Dont let anyone tell you male tarantulas mature at a small size. Here is my mature male Phlogius pseudocrassipes, at 140mm he is a BIG male spider.. big sook though lol.



















Cheers
Steve


----------



## porkosta (Mar 16, 2009)

whoa check out the size of that thing...... not really worried about spiders but I wouldn't be holding that... lol
I own a scorpion but that draw the line for me.... have enough spiders in the yard.

Great pics.... I like the gray and black colour pattern


----------



## trogdor1988 (Mar 16, 2009)

He also has pink that you can kinda see around his head in the photo's. looks much nicer in real life though, and why wouldnt ya hold him? lol this one is a wuss all the others would have gone to bite this one just lay there on my hand.


----------



## JasonL (Mar 16, 2009)

Great looking spider, never been into T's, found a few wild ones both in Oz and OS but thats as far as my knowledge goes with them. Whats temps do they prefer?


----------



## trogdor1988 (Mar 16, 2009)

around 27 is a good temp, they can stand it higher or lower but.


----------



## thals (Mar 16, 2009)

Very nice specimen you have there and a good size at that, jealous lol 8)


----------



## kakariki (Mar 16, 2009)

What a beautiful T!!! I have some young nebos atm & some sarinas on order with hornet but I might just add a couple of these ! Cheers for sharing...


----------



## AM Pythons (Mar 16, 2009)

have been looking at getting one, were is a good place 2 buy one in nsw, do i need a licence?


----------



## trogdor1988 (Mar 16, 2009)

I already got 10 sarinas off hornet and two from horizons last batch. Btw kakariki its only mature males that go this colour, female pseudo's go a blue colour i believe. Cheers guys.


----------



## andyscott (Mar 16, 2009)

> at 140mm he is a BIG male spider.. big sook though lol.


 
A big sook though,
Well as long as he is sooking away from me, all is good.
I will stick to all the friendly Huntsmans around my place . 

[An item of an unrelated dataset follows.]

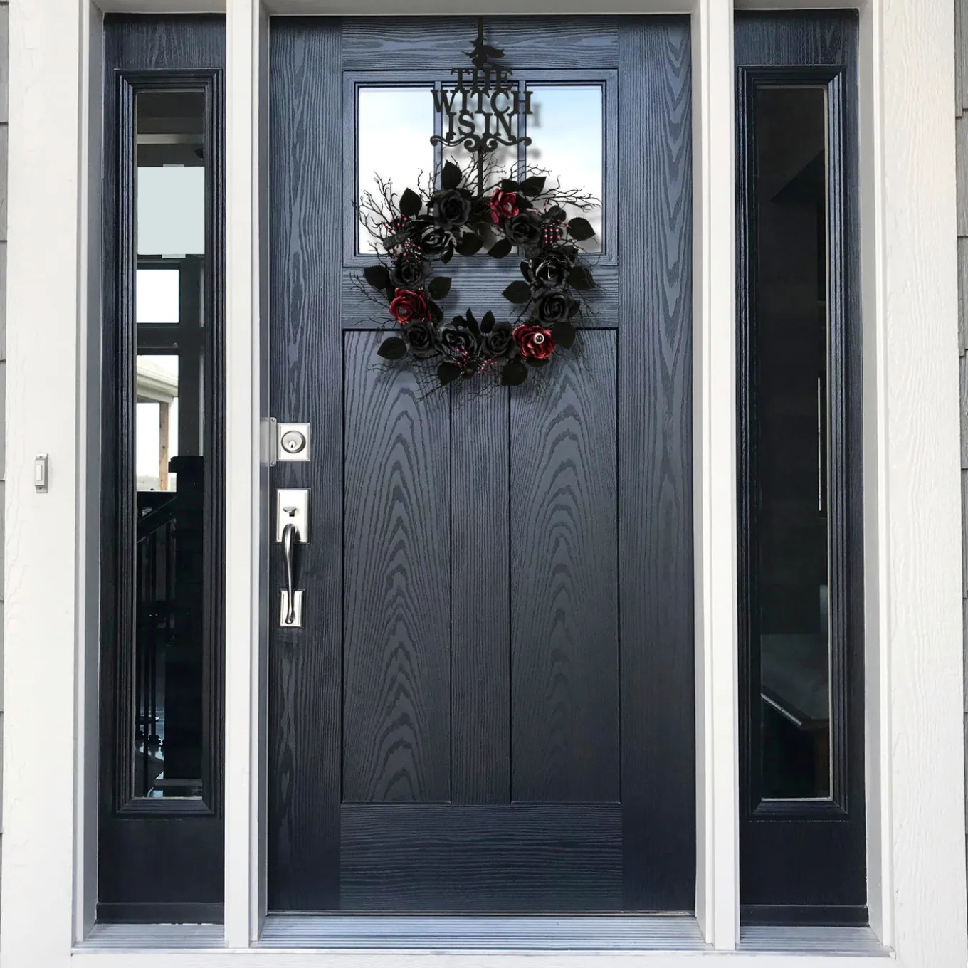 - This wreath hanger is painted with a matte black finish and features the message, ‘The Witch Is In’ that rests above the wreath

It is an impressive animal though.
Cheers Andy.


----------



## mysnakesau (Mar 16, 2009)

Did you read the story in Scales and Tails latest magazine about the turantula? That was funny :lol: a laugh and a good read. Sounds like something I would do. I am not a spider person.


----------



## trogdor1988 (Mar 16, 2009)

Cheers guys, and no mysnakesau i didnt read it, who was the story written by? I havent seen the latest mag out yet.


----------



## mysnakesau (Mar 16, 2009)

The story was written by Kris J Parker. Page 45 called "Hair raising experience". I won't tell you about it and spoil it.


----------



## trogdor1988 (Mar 16, 2009)

ahh its ok, i know kris ill ask him on msn lol.


----------



## porkosta (Mar 16, 2009)

trogdor1988 said:


> He also has pink that you can kinda see around his head in the photo's. looks much nicer in real life though, and why wouldnt ya hold him? lol this one is a wuss all the others would have gone to bite this one just lay there on my hand.


 
Yeah I can sorta see the pink. Its ok I'll let you keep hold of him, not a fan of spiders as much anymore. I used to hold anything that moved, but then I grew out of it.

Cheers,
Andy


----------



## Rainbow-Serpent (Mar 16, 2009)

Nice and big, great job!!!


----------



## trogdor1988 (Mar 16, 2009)

Cheers guys, its just a shame its a male and males die within about a year of maturing, so either i need a female to breed him with or i need to swap him for a big female, he's a gorgeous spider though its a real shame.


----------



## Mrs I (Mar 16, 2009)

Lol, you used gorgeous and spider in the same sentence !!


----------



## trogdor1988 (Mar 16, 2009)

cause its true, :lol:


----------



## Lewy (Mar 16, 2009)

Gday trogdor 

I don't know anything about spiders and will have to admit that I'm **** scared of them lol. I just got a question are tarantulas venomous and Have you ever been bitten ???? might be a silly thing to ask but Id like to no 

P.S he dose look cool though

Cheers Lewy


----------



## trogdor1988 (Mar 16, 2009)

Yes there venomous, but no i've never been bitten.. amazingly lol. There nearly always agro about something. There venom isn't that strong though so unless your allergic you "should" be fine, most people just get sick, feelings of nausea, hot and cold shakes, ive heard of peeing blood to.


----------



## Lewy (Mar 16, 2009)

trogdor1988 said:


> Yes there venomous, but no i've never been bitten.. amazingly lol. There nearly always agro about something. There venom isn't that strong though so unless your allergic you "should" be fine, most people just get sick, feelings of nausea, hot and cold shakes, ive heard of peeing blood to.


 


Ok cool thanks for that


----------



## mebebrian (Mar 16, 2009)

Your freakin insane i tell ya! That thing is a monster! I got lizards, snakes and scorps but you can keep your damn spiders!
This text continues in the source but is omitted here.